The work was first published (in German) at Strassburg in 1616.
It is when we come to an examination of the ideas at the root of, and associated with, the alchemical concept of "principles," that we find some difficulty in harmonising the two series of symbols--the mystical and the phallic. In one place in the _Turba_ we are directed "to take quicksilver, in which is the male potency or strength";[2a] and this concept of mercury as male is quite in accord with the mystical origin I have assigned in the preceding excursion to the doctrine of the alchemical principles.
I have shown, I think, that salt, sulphur, and mercury are the analogues _ex hypothesi_ of the body, soul (affection and volition), and spirit (intelligence or understanding)in man; and the affections are invariably regarded as especially feminine, the understanding as especially masculine.
But it seems that the more common opinion, amongst Latin alchemists at any rate, was that sulphur was male and mercury female.
Writes BERNARD of TREVISAN: "For the Matter suffereth, and the Form acteth assimulating the Matter to itself, and according to this manner the Matter naturally thirsteth after a Form, as a Woman desireth an Husband, and a Vile thing a precious one, and an impure a pure one, so also _Argent-vive_ coveteth a Sulphur, as that which should make perfect which is imperfect:
So also a Body freely desireth a Spirit, whereby it may at length arrive at its perfection."[1b] At the same time, however, Mercury was regarded as containing in itself both male and female potencies--it was the product of male and female, and, thus, the seed of all the metals. "Nothing in the World can be generated,"to repeat a quotation from BERNARD, without these two Substances, to wit a Male and Female: From whence it appeareth, that although these two substances are not of one and the same species, yet one Stone cloth thence arise, and although they appear and are said to be two Substances, yet in truth it is but one, to wit, _Argent-vive_. But of this _Argent-vive_ a certain part is fixed and digested, Masculine, hot, dry and secretly informing.

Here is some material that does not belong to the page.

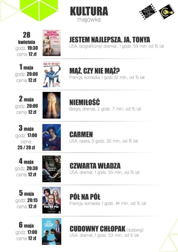 Miejskie Centrum Kultury zaprasza na majówkowe seanse w Kinie KULTURA, które odbywać się będą pomiędzy 28 kwietnia a 6 maja.
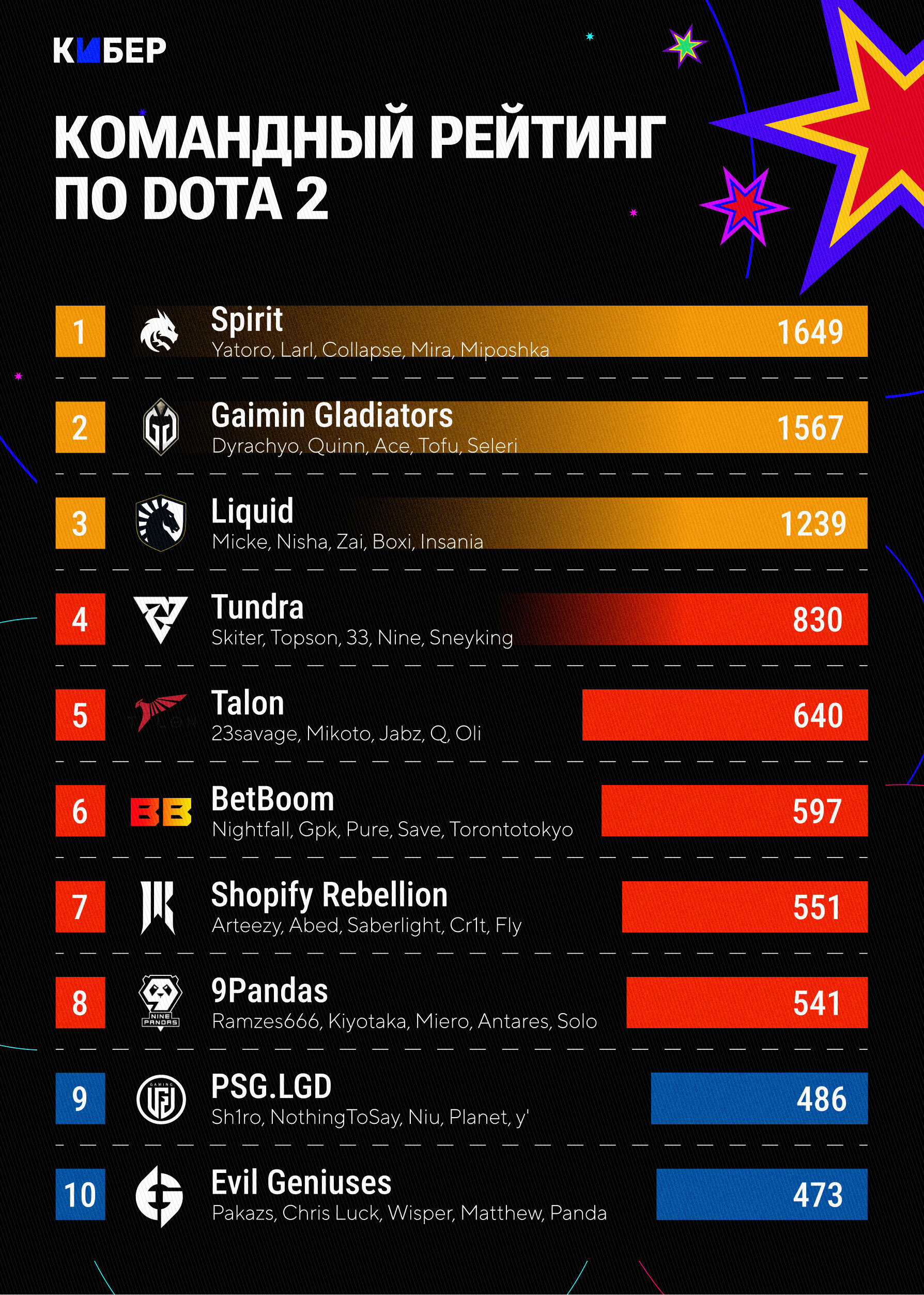 Кибер выпустил рейтинг команд Доты со Spirit на первом месте.

But the other, which is the Female, is volatile, crude, cold, and moyst."[2b] EDWARD KELLY (1555-1595), who is valuable because he summarises authoritative opinion, says somewhat the same thing, though in clearer words: "The active elements . . . these are water and fire . . . may be called male, while the passive elements . . . earth and air . . . represent the female principle.... Only two elements, water and earth, are visible, and earth is called the hiding-place of fire, water the abode of air.
In these two elements we have the broad law of limitation which divides the male from the female. . . . The first matter of minerals is a kind of viscous water, mingled with pure and impure earth.
. . . Of this viscous water and fusible earth, or sulphur, is composed that which is called quicksilver, the first matter of the metals.